Prompt: Repeat the entries below exactly, pictures excluded.

[Collected data]
▼
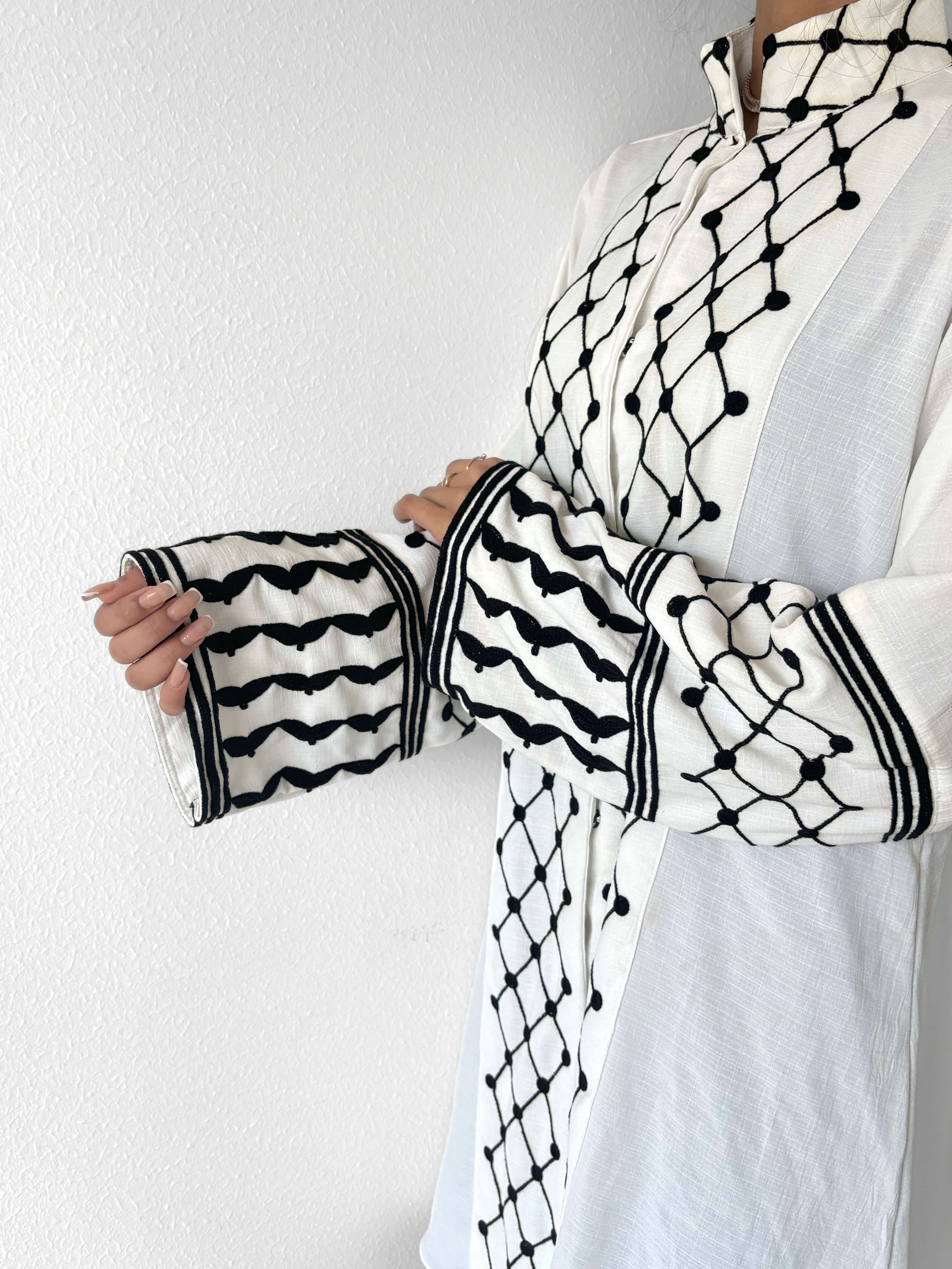 Patterns on the Keffiyeh Abaya sleeves symbolize different aspects of Palestinian life: the bold black stripes on the edges symbolize the historical trade routes that used to go through Palestine; the fishnet-like design represents the Palestinians' ties to the Mediterranean Sea; and the curvy lines resemble olive trees, a major point of pride for Palestinians.
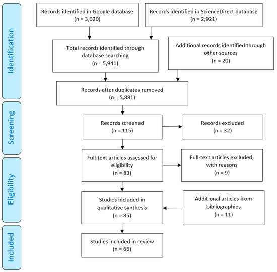 Selected studies in the systematic literature search were limited to the following inclusion criteria: (1) peer-reviewed papers with full-text published within the last 20 years (2000 ± 2020); (2) empirical studies reporting the mechanical properties of Ti and Ti alloy porous scaffolds produced by AM for bone repair; (3) published in the English language; (4) the first 10 pages of the search results were assessed; and (5) the search results were sorted by relevance. From the systematic literature search in both the Science Direct and Google Scholar databases, a total of 5941 results were generated from which 83 articles were fully assessed, as presented in Table 1 and Figure 2.
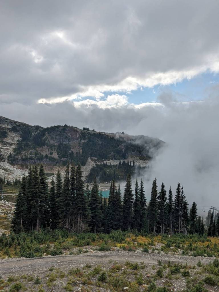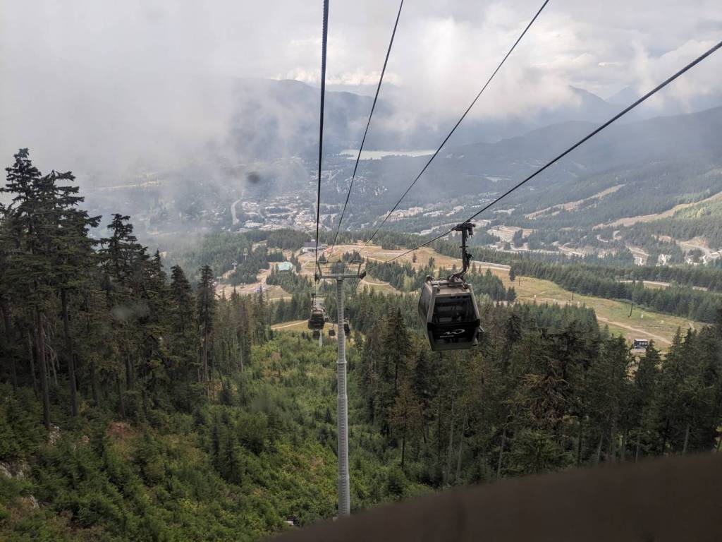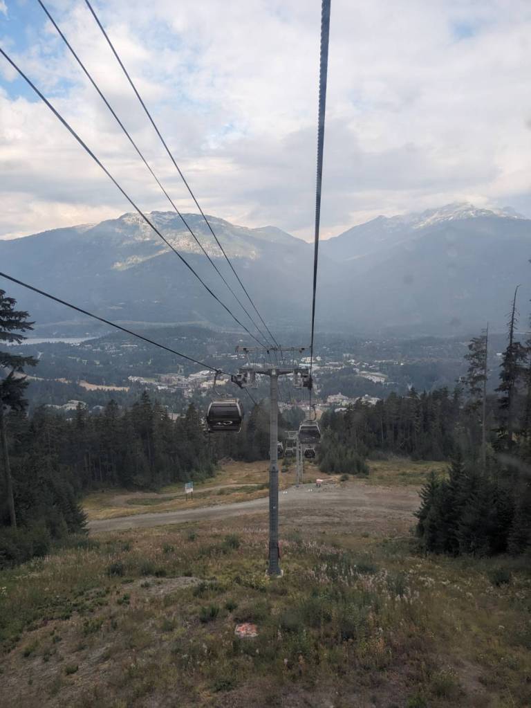 纜車越往上越能看到「惠斯勒」地區美景,左邊可看到「阿爾它湖」(Alta Lake),右邊則是「失落之湖」(Lost Lake),正前方是「彩虹山」(Rainbow Mountain)。
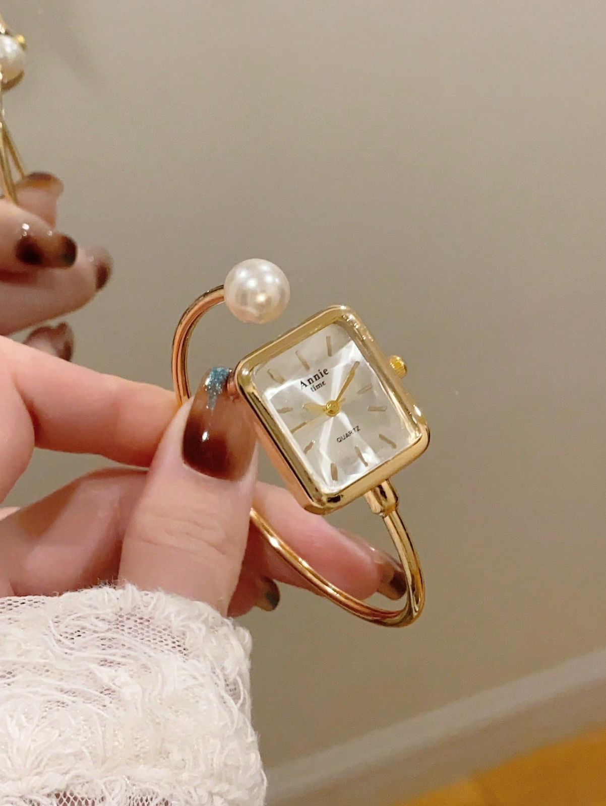 إسورة/ساعة تصميم مميز بإطار دهبي ومينا بيضا مع لؤلؤة جانبية، شيك ومختلف
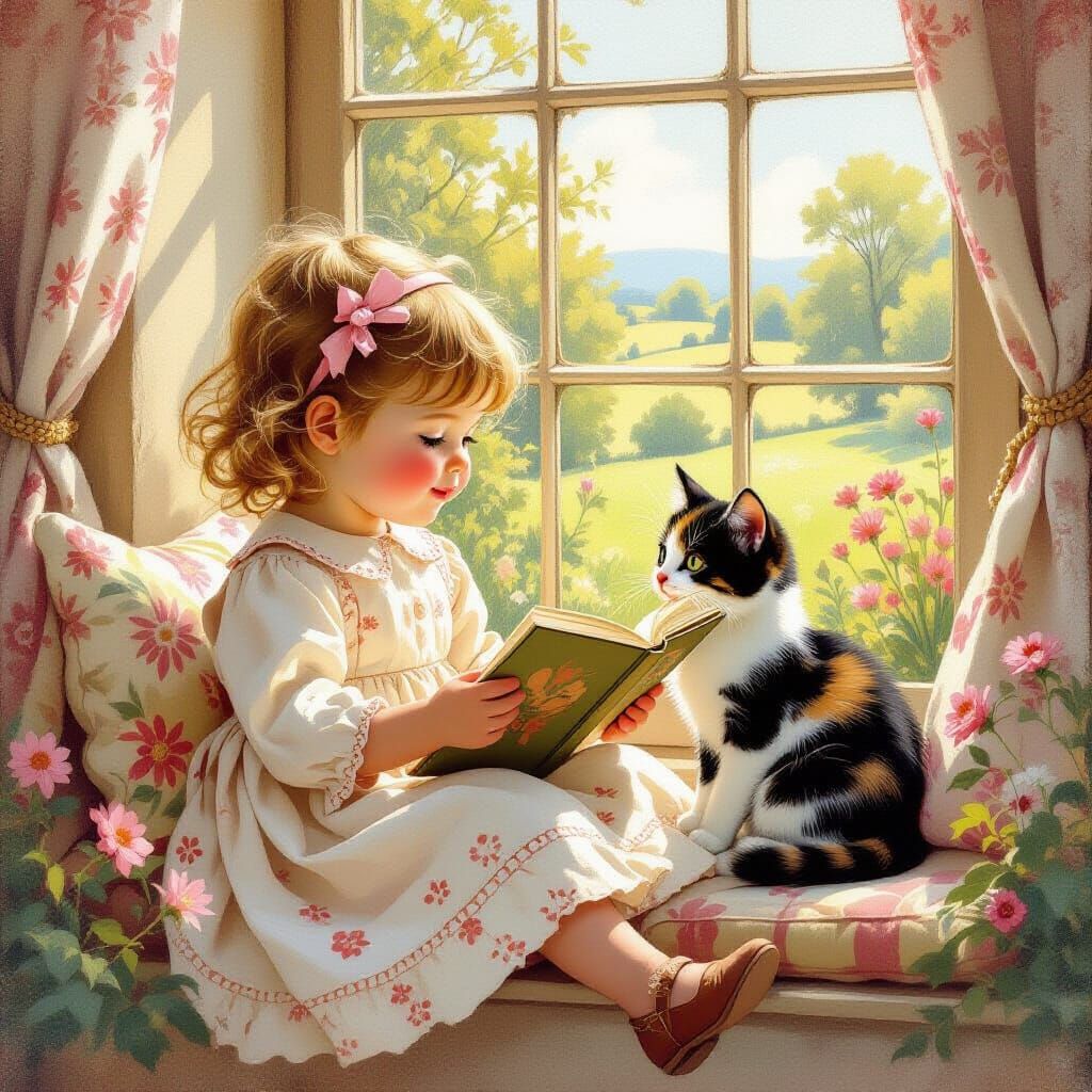 A heartwarming image of a toddler girl reading with her kitten in an English cottage. This illustration evokes classic children's book art with vibrant colors and intricate, hand-painted details.
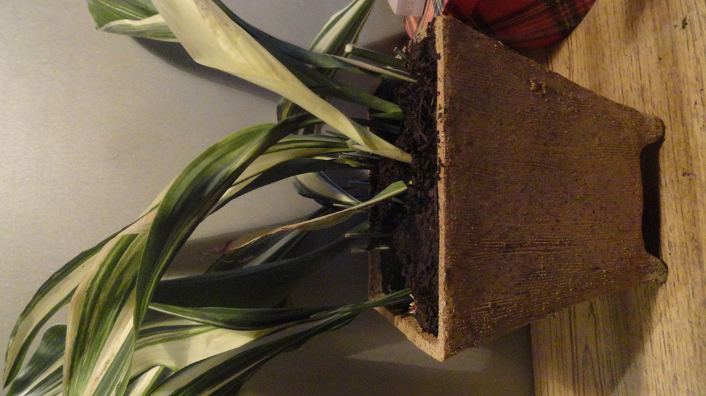 This is my variegated aspidistra. I recently reported it into a pot I made when I was making pots.
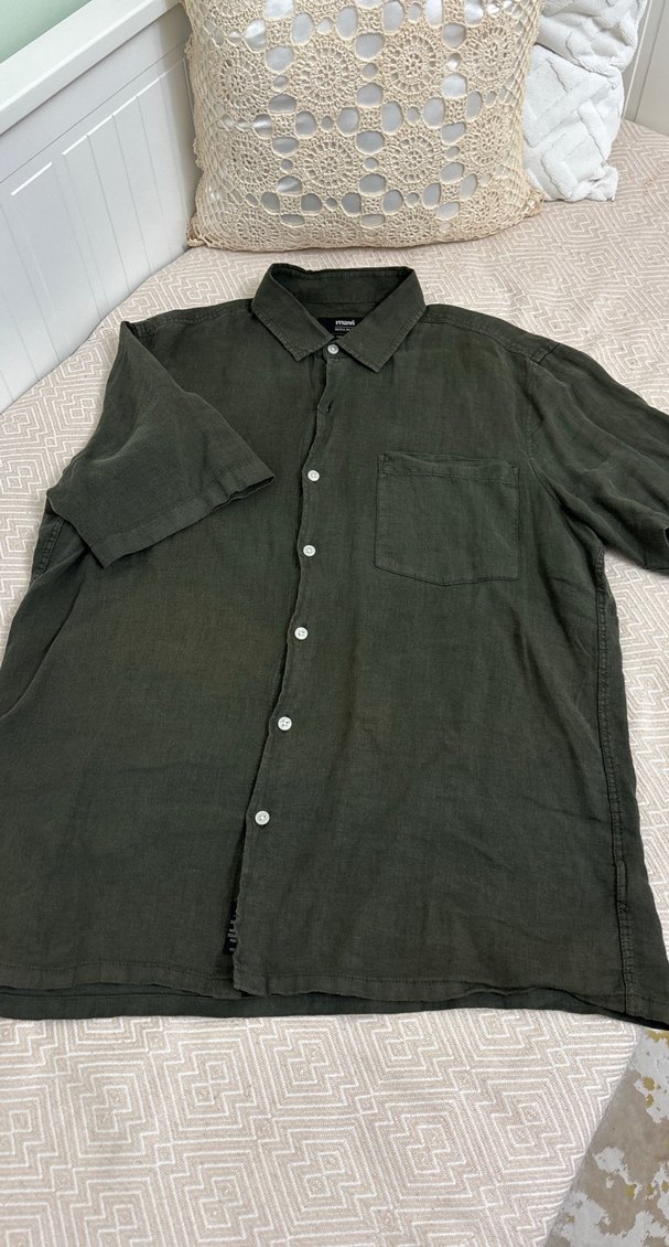 Keten kumaştan, düğmeli, kısa kollu, yakalı ve cep detaylı bol kesim erkek gömleği. Günlük rahat sokak stili için uygundur.
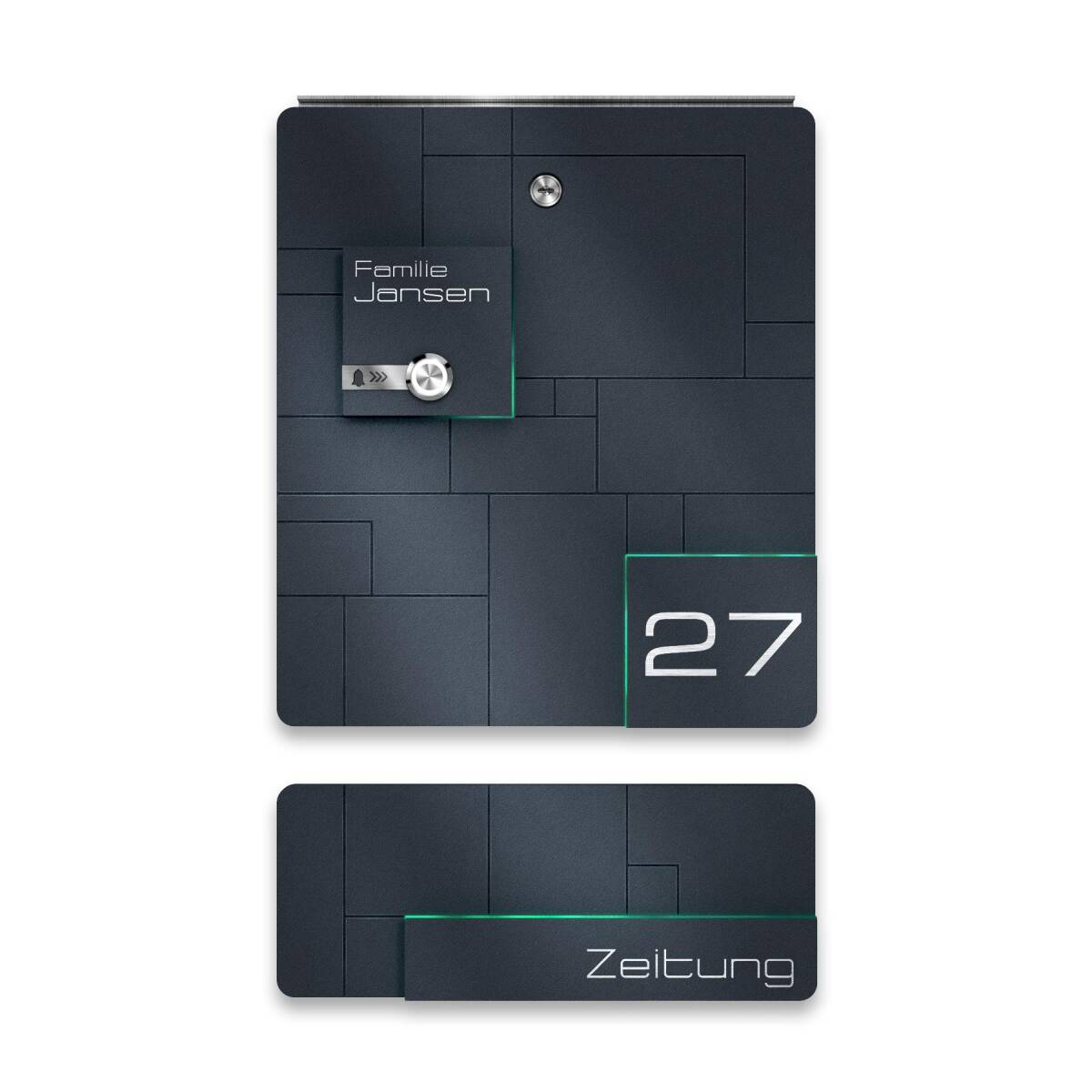 Zusätzlich zum Briefkasten bieten wir auch das zum Design passende Zeitungsfach.
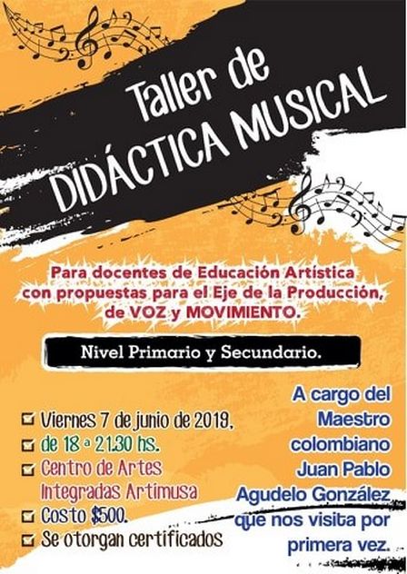 La capacitación se llevará a cabo, a cargo del Maestro de Colombia Juan Pablo Agudelo González, el viernes 7 de junio, en ARTIMUSA, a las 18.00 horas.
▲
Task response:
 Patterns on the Keffiyeh Abaya sleeves symbolize different aspects of Palestinian life: the bold black stripes on the edges symbolize the historical trade routes that used to go through Palestine; the fishnet-like design represents the Palestinians' ties to the Mediterranean Sea; and the curvy lines resemble olive trees, a major point of pride for Palestinians.
 Selected studies in the systematic literature search were limited to the following inclusion criteria: (1) peer-reviewed papers with full-text published within the last 20 years (2000 ± 2020); (2) empirical studies reporting the mechanical properties of Ti and Ti alloy porous scaffolds produced by AM for bone repair; (3) published in the English language; (4) the first 10 pages of the search results were assessed; and (5) the search results were sorted by relevance. From the systematic literature search in both the Science Direct and Google Scholar databases, a total of 5941 results were generated from which 83 articles were fully assessed, as presented in Table 1 and Figure 2.
 纜車越往上越能看到「惠斯勒」地區美景,左邊可看到「阿爾它湖」(Alta Lake),右邊則是「失落之湖」(Lost Lake),正前方是「彩虹山」(Rainbow Mountain)。
 إسورة/ساعة تصميم مميز بإطار دهبي ومينا بيضا مع لؤلؤة جانبية، شيك ومختلف
 A heartwarming image of a toddler girl reading with her kitten in an English cottage. This illustration evokes classic children's book art with vibrant colors and intricate, hand-painted details.
 This is my variegated aspidistra. I recently reported it into a pot I made when I was making pots.
 Keten kumaştan, düğmeli, kısa kollu, yakalı ve cep detaylı bol kesim erkek gömleği. Günlük rahat sokak stili için uygundur.
 Zusätzlich zum Briefkasten bieten wir auch das zum Design passende Zeitungsfach.
 La capacitación se llevará a cabo, a cargo del Maestro de Colombia Juan Pablo Agudelo González, el viernes 7 de junio, en ARTIMUSA, a las 18.00 horas.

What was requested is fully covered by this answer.